Of course, when we talk about intellectual texts of the medieval time period, there is the elephant of gender that's always in the room, and the author adresses this, too. Medieval medicine was very, very gendered, with male theorists and practictioners typically only adressing and treating male patients, and female practitioners treating female patients. This was to such degree that male medical professionals' understanding of specifically female anatomy was often extremely limited to nonexistent, with many educated men believing in nonsense such as the "wandering uterus" or being frequently puzzled by the phenomenon of menstruation.

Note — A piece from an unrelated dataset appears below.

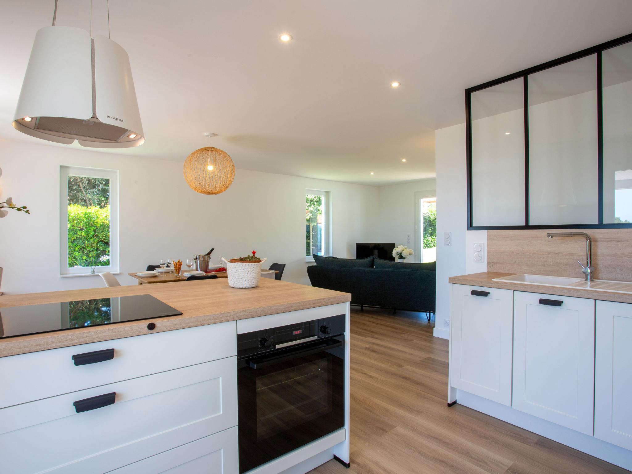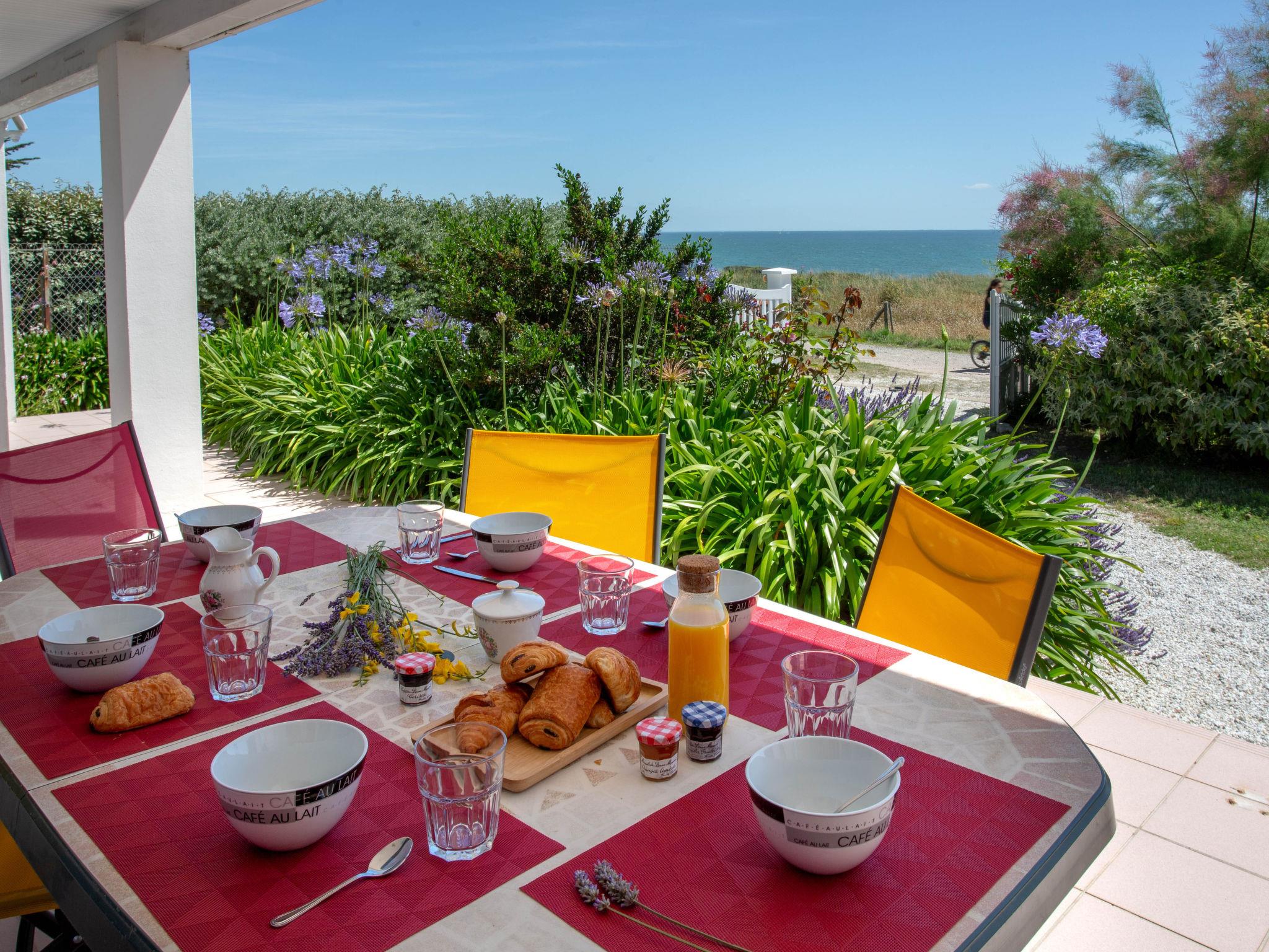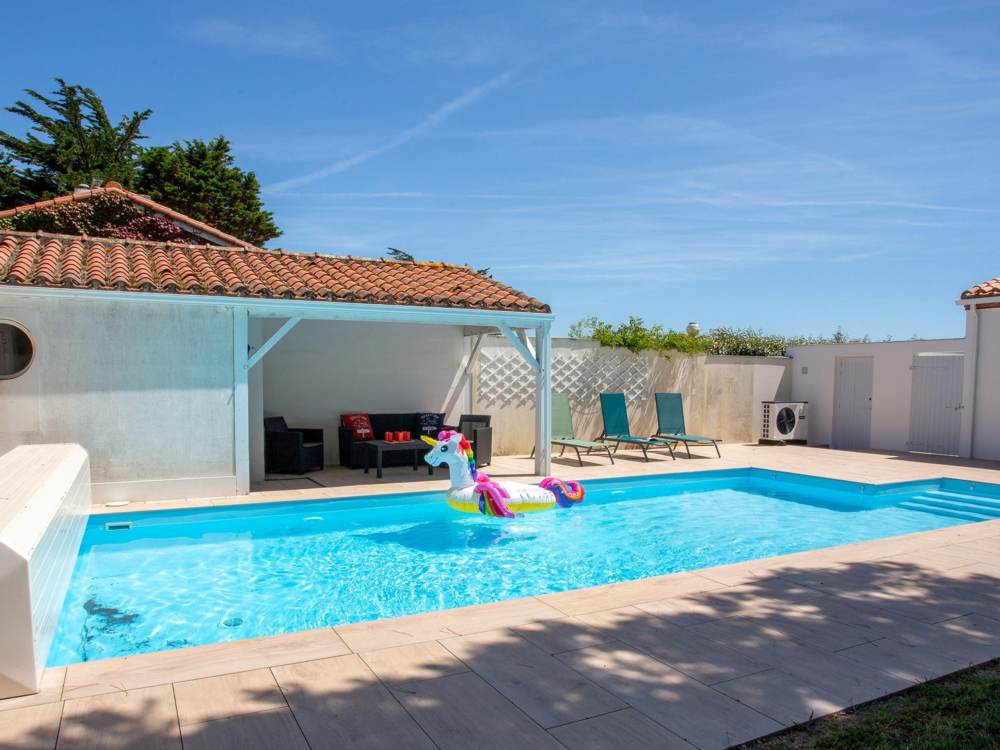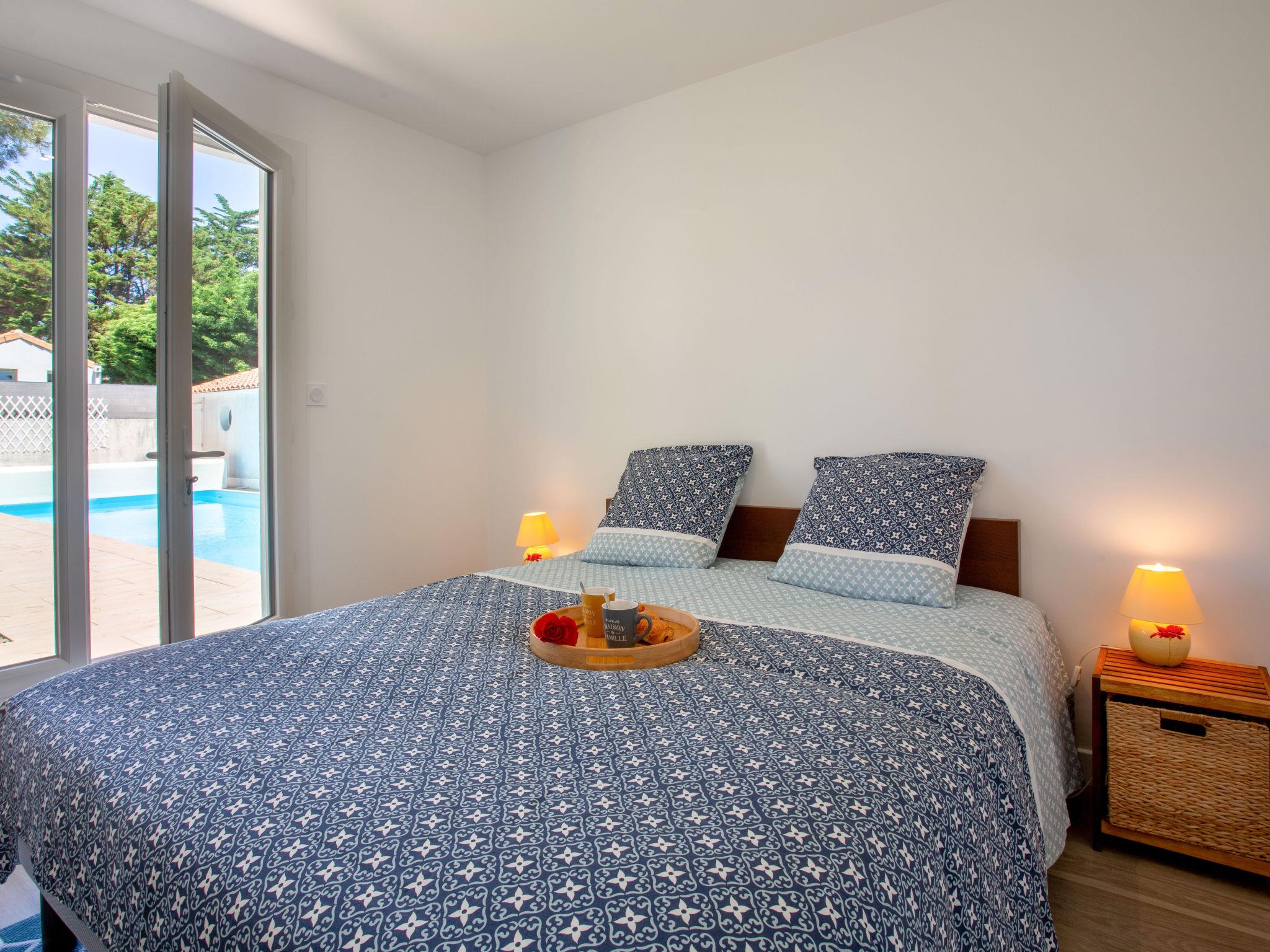"Le Bigorneau Préfaillais", 4-room house 104 m2, south facing position. Spacious and bright, fully renovated in 2024, beautiful and tasteful furnishings: living/dining room with panoramic window north facing position and south facing position with dining table and TV (flat screen). Exit to the terrace, south facing position. 1 room with 1 french bed (1 x 160 cm, length 200 cm), shower/WC and double hand-basin. Exit to the swimming pool. 1 room with 2 beds (90 cm, length 190 cm). 1 room with 1 french bed (1 x 160 cm, length 200 cm). Large, open kitchen (oven, dishwasher, 1 ceramic glass hob hotplate, 4 gas rings, toaster, kettle, freezer, electric coffee machine, Capsules for coffee machine (Nespresso Krups) extra, cooking island). Shower/WC. Electric heating. Terrace 25 m2, south facing position, garden 400 m2, north facing position and south facing position. Terrace furniture. Marvellous view of the sea. Facilities: washing machine, children's high chair, baby cot for up to 2 year olds, hair dryer. Internet (WiFi, free). Parking (fenced 2 cars). Please note: non-smoking house. Smoke alarm. The pool mentioned in the description is for private use. Offer by a commercial proprietor according to Art. 155, IV, CGI 44136000050QV

However, the author stresses that this blind spot was very much one of these men, and that female practitioners (e.g. midwives) probably had a more accurate understanding of the female body:
We have some indications that women were typically cared for by other women, and in the rare cases that women write about women’s bodies, they convey a much more sophisticated understanding of those bodily systems than standard medical texts do. For instance, Hildegard of Bingen’s Causes and Cures (written in twelfth-century Germany) devotes almost half of its page space to a detailed monthly calendar of the menstrual cycle.
[...]
These and other sources that more directly report what women were doing with their own and other women’s bodies, rather than men’s theoretical suppositions about female bodies, indicate a dedicated and systematic approach to women’s medicine, but it is still hard to access what women’s healthcare really looked like and what that meant for female quality of life.
 

Heyo

Veteran Member
For most of the medieval period the church teaching was that witches didn't exist.

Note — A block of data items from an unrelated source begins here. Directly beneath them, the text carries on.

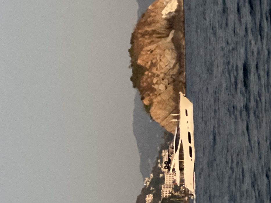 A coastline meets the ocean. Hilly terrain rises from the shoreline, and buildings dot the base of the hills. A large, white yacht is moored in the water, close to the shore. The sky is overcast and a uniform grey. The ocean surface is textured and slightly rough.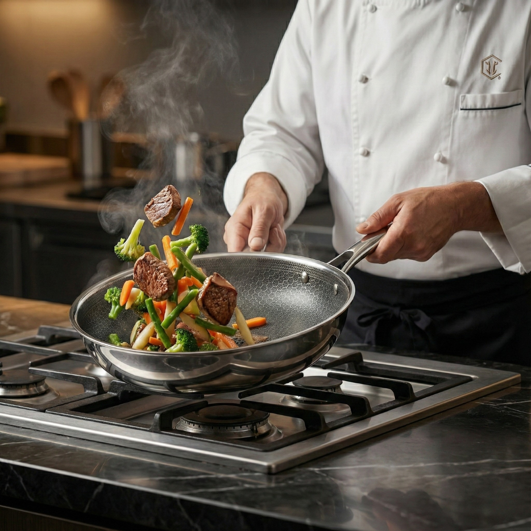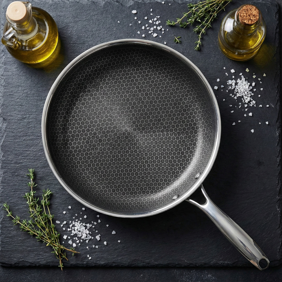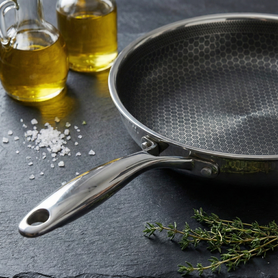 מחבת היברידית המשלבת את היתרונות של נירוסטה ונון סטיק לביצועים מושלמים במטבח.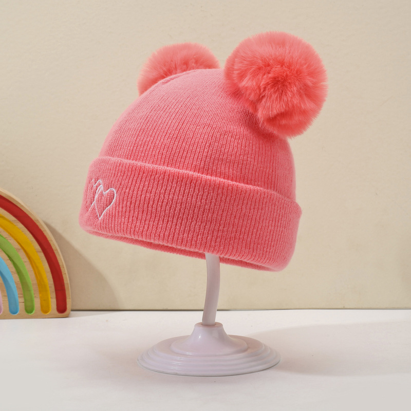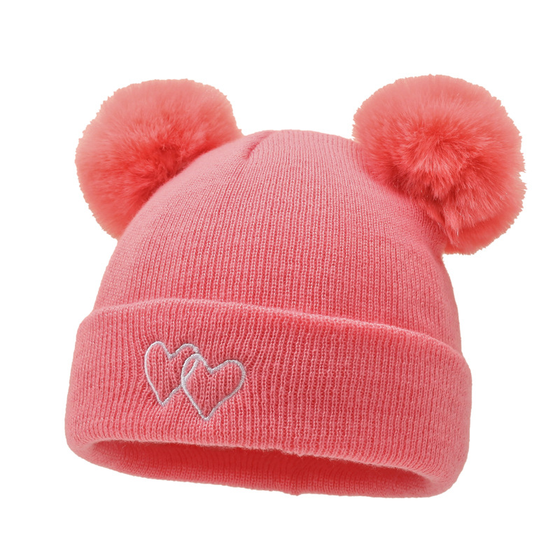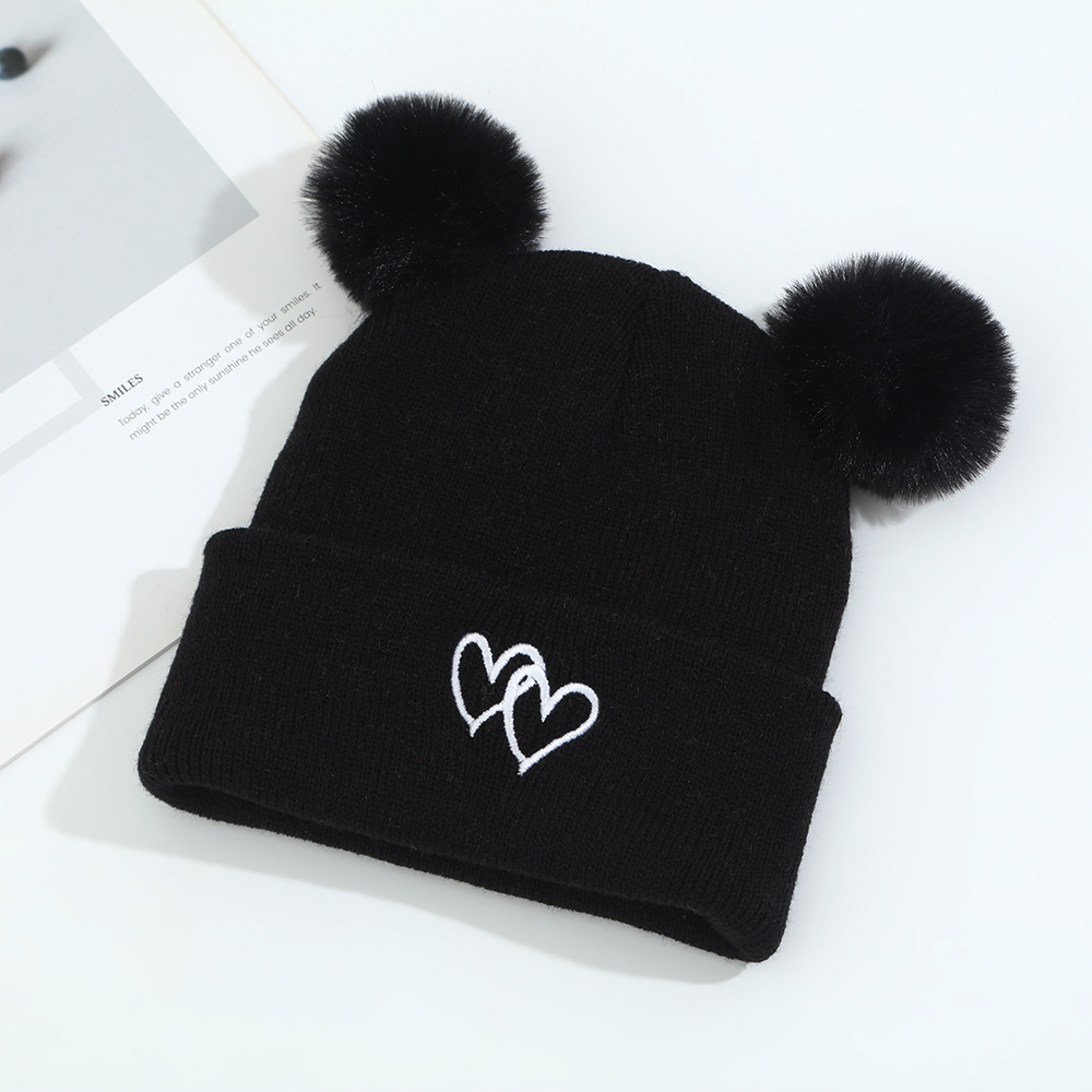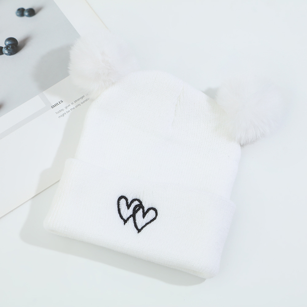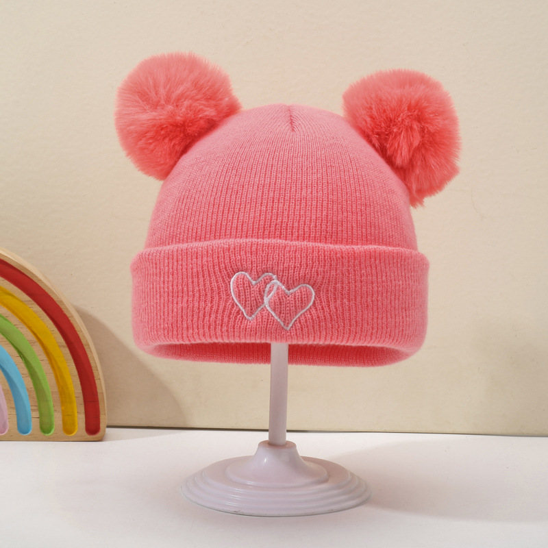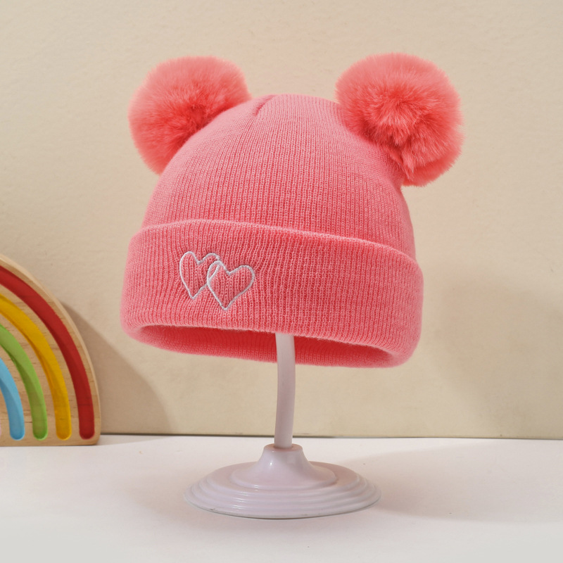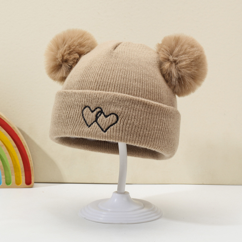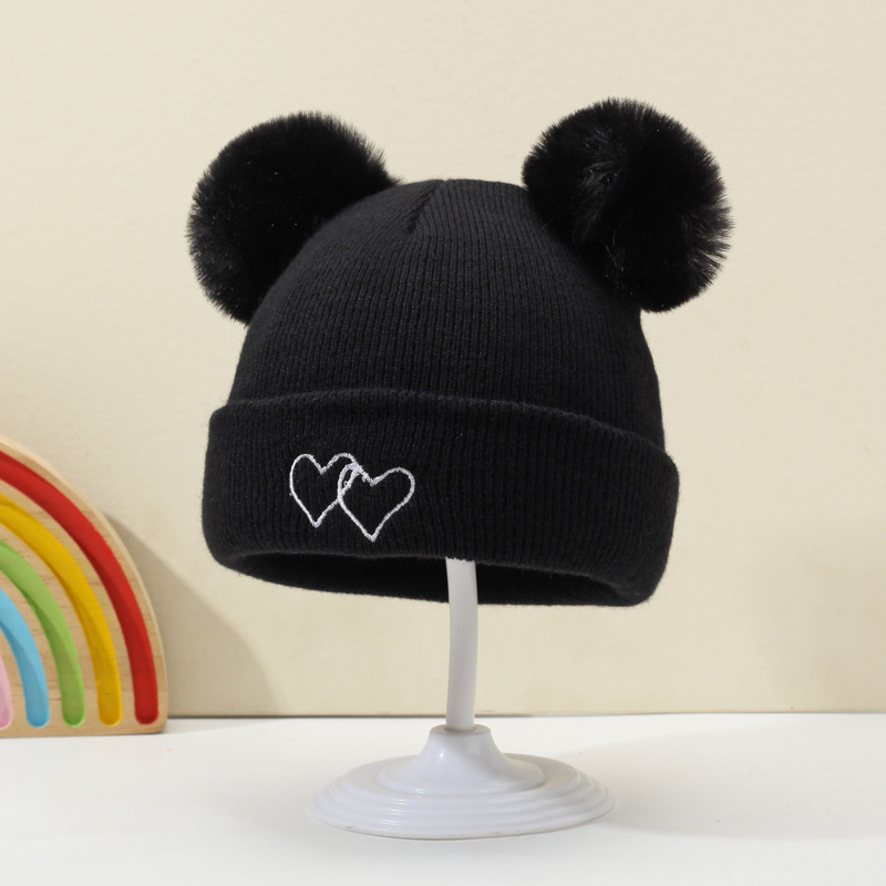 귀여운 아기 니트 모자, 더블 러브 자수, 더블 폼폼 모직 모자, 아기의 편안하고 피부 친화적인 따뜻하고 추운 모자스토어 가기

Yep. The plague (and the beginning of the Little Ice Age) changed a lot. Fear makes people irrational and having one out of three people around you dying produces a lot of fear and irrationality.
The witch trials were mostly during the early modern period, post Reformation.
And the reformed were just as active in it as the RCC. (Except when the local Lord, Count, Earl or King prohibited it. There were times and areas were no witch trials were held.)